Granted, the US has a type of consistency in this: Nuclear, chemical, and biological weapons are all acceptable so long as they're in the hands of our friends. Thus, Israel gets the same treatment as Saddam Hussein did in the 1980s: some public tut-tutting, some private reassurances, and lots of opportunities to buy. But "consistent," while implying neither "logical" nor "moral," can greatly overlap "foolish" as it delays justice and does more to maintain insecurity than to resolve it.

It's time to put a stop to it. Now.

But even beyond that, there's the largest issue of all: How can we be disarmed? We celebrate ourselves as the only standing superpower while we blunder and bluster around the world, demanding other nations turn themselves into combinations of Oscar Arias and Mohandas Gandhi while we recast ourselves as a fusion of Curtis LeMay and Ares.

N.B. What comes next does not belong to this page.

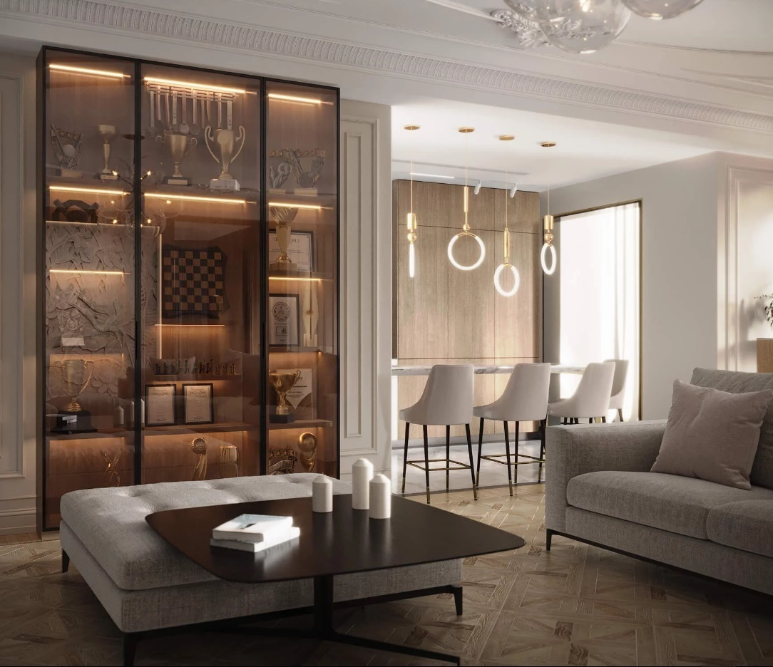 Вариант для тех, у кого объемная пустота ассоциируется скорее с недосказанностью, а обилие декора — с уютом. Современный классический стиль — это квинтэссенция элементов из исторических периодов (барокко, империя, ренессанс). Это микс. Характеризуется изысканностью и богатством. «Инструменты»: натуральная кожа, жаккард, экзотические породы дерева, золотые акценты, гипсовый лепной декор с орнаментальными вставками.

We are the world's largest possessor of weapons of mass destruction - nuclear weapons - and have made clear our intent to build "better" ones. "Bunker busters," designed to destroy underground targets and originally intended for use against the USSR, are morphing into "mini-nukes" for use against chemical/biological weapons sites (as well as enemy soldiers in the field). This first newly-designed nuclear weapon since 1988 would require the first nuclear tests since 1992. (A more technical description of these weapons and possible effects can be found in the November 2003 issue of Physics Today, linked here.) The Pentagon wants to build a new facility to produce 500 plutonium pits (the shells of plutonium that are the triggers in nuclear weapons) a year. The "Star Wars" missile defense is still alive even though, like the old bunker busters, the enemy against which it was designed is no longer thought a threat. All in all, as the Defense Monitor (published by the admirable Center for Defense Information) says in its April-May, 2003 issue,
[t]he administration of President George W. Bush is requesting $399.1 billion for the military in fiscal year 2004 ($379.9 billion for the Defense Department and $19.3 billion for the nuclear weapons functions of the Department of Energy). This is $16.9 billion above current levels, an increase of 4.4 percent.

According to Pentagon projections, the defense budget will grow to $503 billion in fiscal year 2009. In all, the administration plans to spend $2.7 TRILLION on the military over the next six years.
This is a period of yearly deficits in the multiple hundreds of billions of dollars. But deficits be damned, we have an empire to conquer. We have resources to dominate - theirs. And we have an economy to destroy - ours.

This is insane. Madness. Morally warped, logically vapid, economically idiotic. I say it again: It's time to put a stop to it. Now.